Does this mean that they don't really understand how it works and how to fully c...

AgentME · on Dec 4, 2022

I think ChatGPT's internal prompt contains something like "As Assistant, I don't say inappropriate things to the user. If the user asks for something inappropriate or that I don't know about, I give an explanation for why I can't answer them.". If you word a request for something inappropriate in a way that it doesn't think that sentence applies, like you ask it for something inappropriate where it doesn't think of "Assistant" as the one saying it, then it doesn't do the behavior prescribed there.

ezfe · on Dec 4, 2022

Well, the issue is that there are two types of filtering. One is keyword based, and it applies in the UI and doesn't actually hide messages. The other is within the AI itself, refusing to reply to inappropriate requests.

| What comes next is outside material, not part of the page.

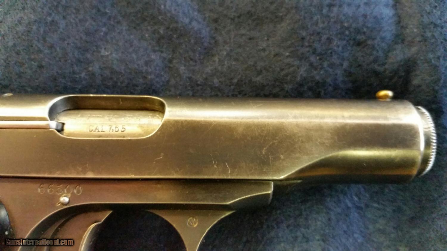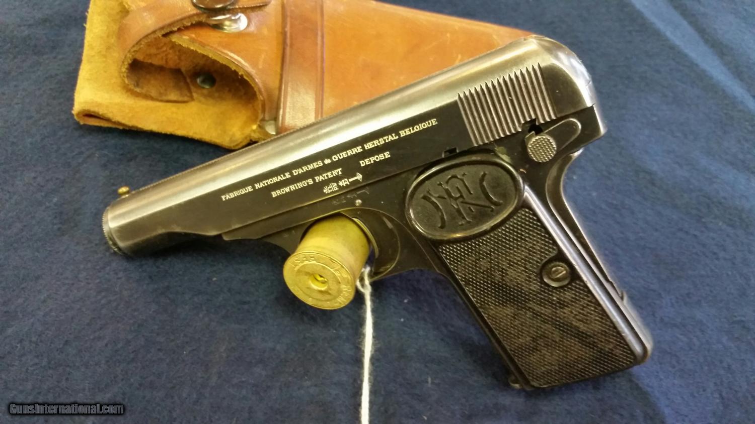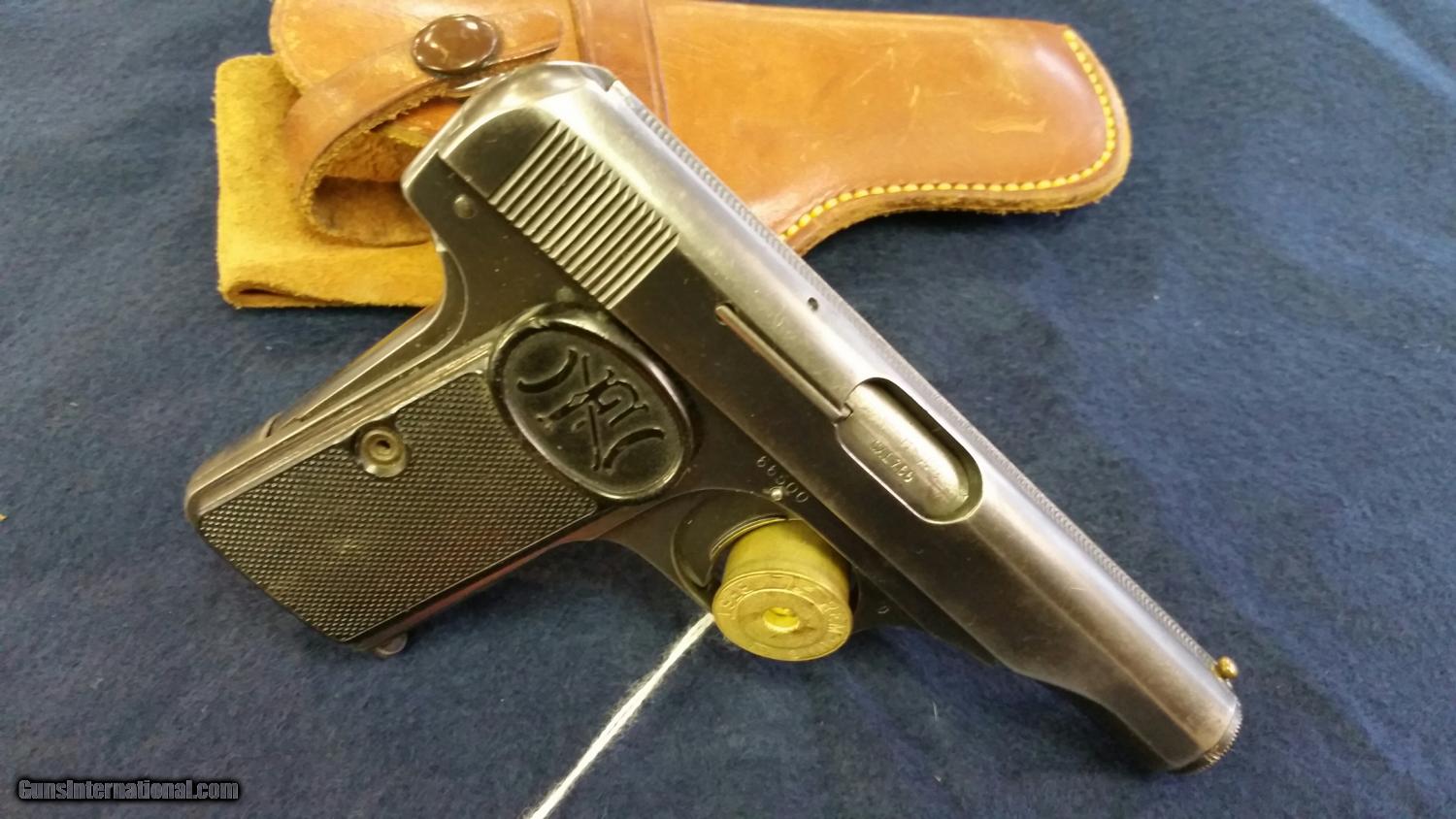 Description: FN 1910/22 pistol in .32acp. This pistol features a 4.5 inch barrel, a grip safety, black hard rubber grips, fixed sights, and leather holster. This particular example has the typical Belgian proof marks on the slide and barrel and is also marked with an V inside of a square on both the left and right hand side of the triggerguard. Most of the original bluing remains and the bore is in very good condition. This is a very good 1910/22 with both collector and shooting value. SOLD Curio/Relic: Yes Model: 1910 Caliber Info: 32 ACP Condition: VG Metal Condition: VG |

I'm not sure how this works, but for many requests you can tell it you're just pretending and it will go ahead with the request, so perhaps its some sort of sentiment analysis.

Either way, the AI doesn't think it's responding to a request when you tell it to put <insert request here> in a file, so it just does it. Then, when you tell it to show you the contents of the file, it doesn't think it's generating that content, so it does it.

Vespasian · on Dec 4, 2022

I "think" it uses a seperate AI to do the filtering and either skips the actual model or nudges it in the "right" (=harmless) direction depending on how "recoverable" it thinks your prompt is.

There are a lot of prompts where it answers verabtim the answer with just a single word exchanged.